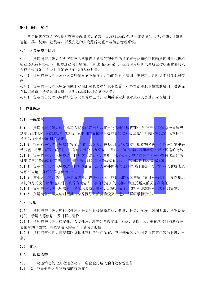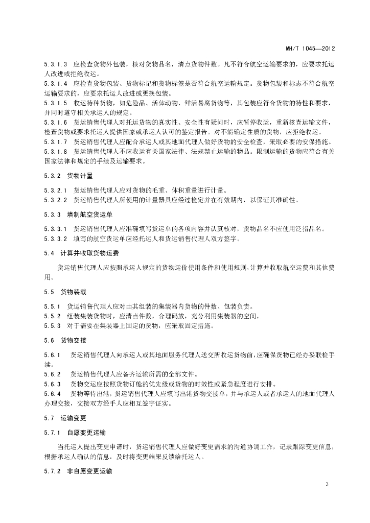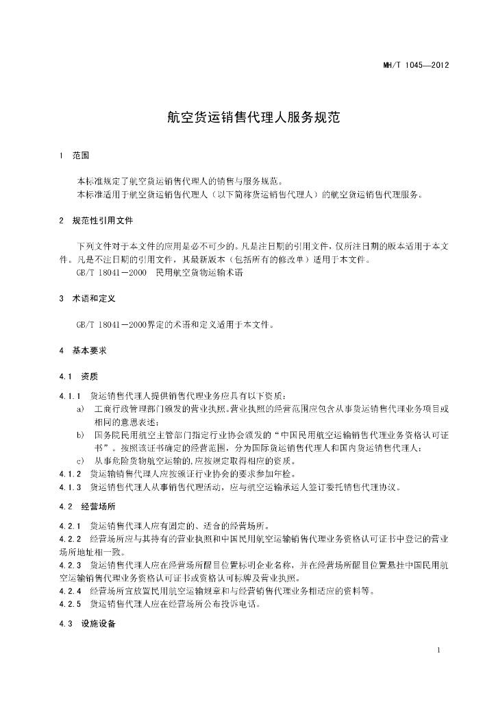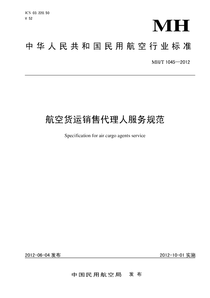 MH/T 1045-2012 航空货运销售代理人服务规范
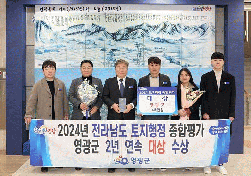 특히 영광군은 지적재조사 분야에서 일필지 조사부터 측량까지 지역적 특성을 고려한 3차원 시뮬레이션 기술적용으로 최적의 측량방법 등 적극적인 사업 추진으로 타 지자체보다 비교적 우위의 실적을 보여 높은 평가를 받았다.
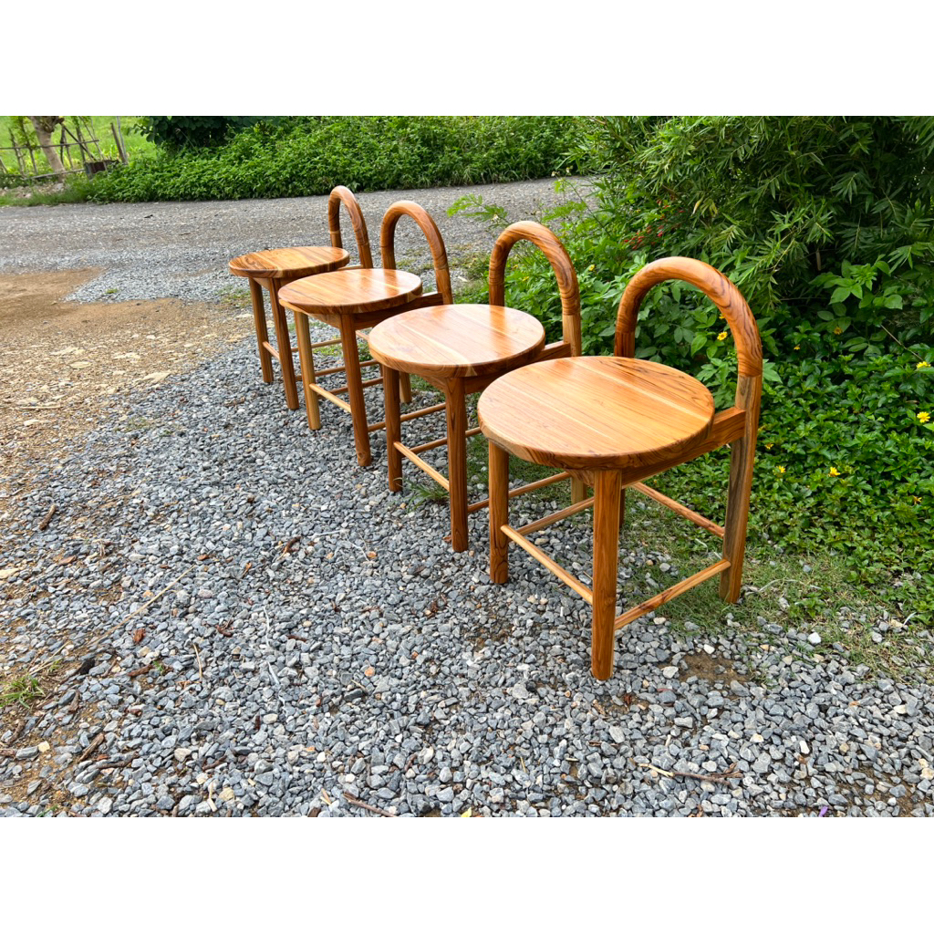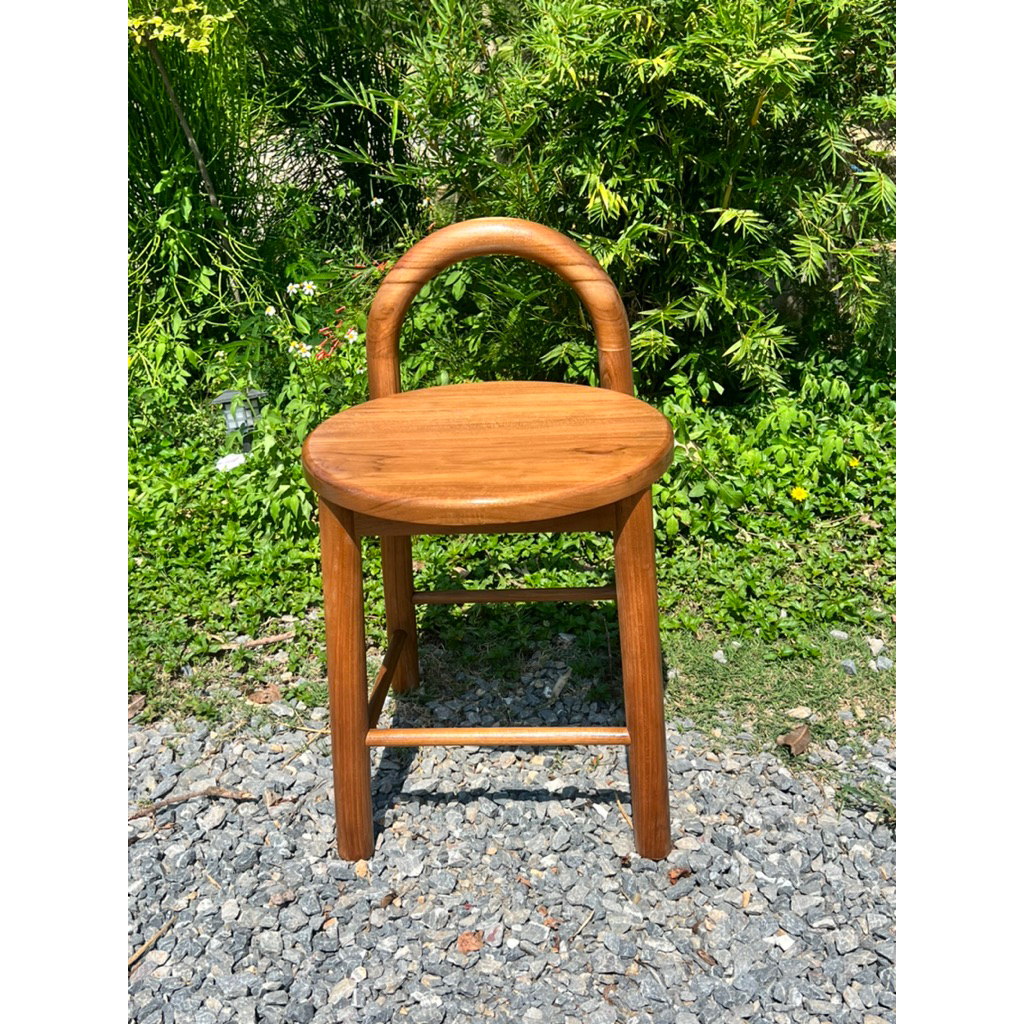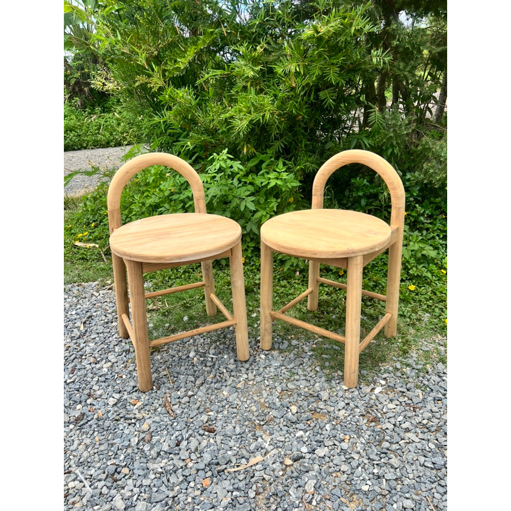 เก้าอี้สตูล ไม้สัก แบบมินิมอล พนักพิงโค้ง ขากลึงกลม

==

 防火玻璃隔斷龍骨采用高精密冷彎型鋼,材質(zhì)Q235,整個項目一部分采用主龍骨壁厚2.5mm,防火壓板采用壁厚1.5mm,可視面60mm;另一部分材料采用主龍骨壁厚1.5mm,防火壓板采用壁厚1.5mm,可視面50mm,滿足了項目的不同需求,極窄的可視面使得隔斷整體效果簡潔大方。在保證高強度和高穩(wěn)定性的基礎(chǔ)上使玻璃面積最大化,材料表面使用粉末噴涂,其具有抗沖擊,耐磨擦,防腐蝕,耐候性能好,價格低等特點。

- [Task brief]: Give the lines above again exactly, from the one containing "MH/T 1045-2012 航空货运销售代理人服务规范" to the one containing "เก้าอี้สตูล ไม้สัก แบบมินิมอล", both included, but leave out the pictures.

- [Reply to the exercise]:
 MH/T 1045-2012 航空货运销售代理人服务规范
 특히 영광군은 지적재조사 분야에서 일필지 조사부터 측량까지 지역적 특성을 고려한 3차원 시뮬레이션 기술적용으로 최적의 측량방법 등 적극적인 사업 추진으로 타 지자체보다 비교적 우위의 실적을 보여 높은 평가를 받았다.
 เก้าอี้สตูล ไม้สัก แบบมินิมอล พนักพิงโค้ง ขากลึงกลม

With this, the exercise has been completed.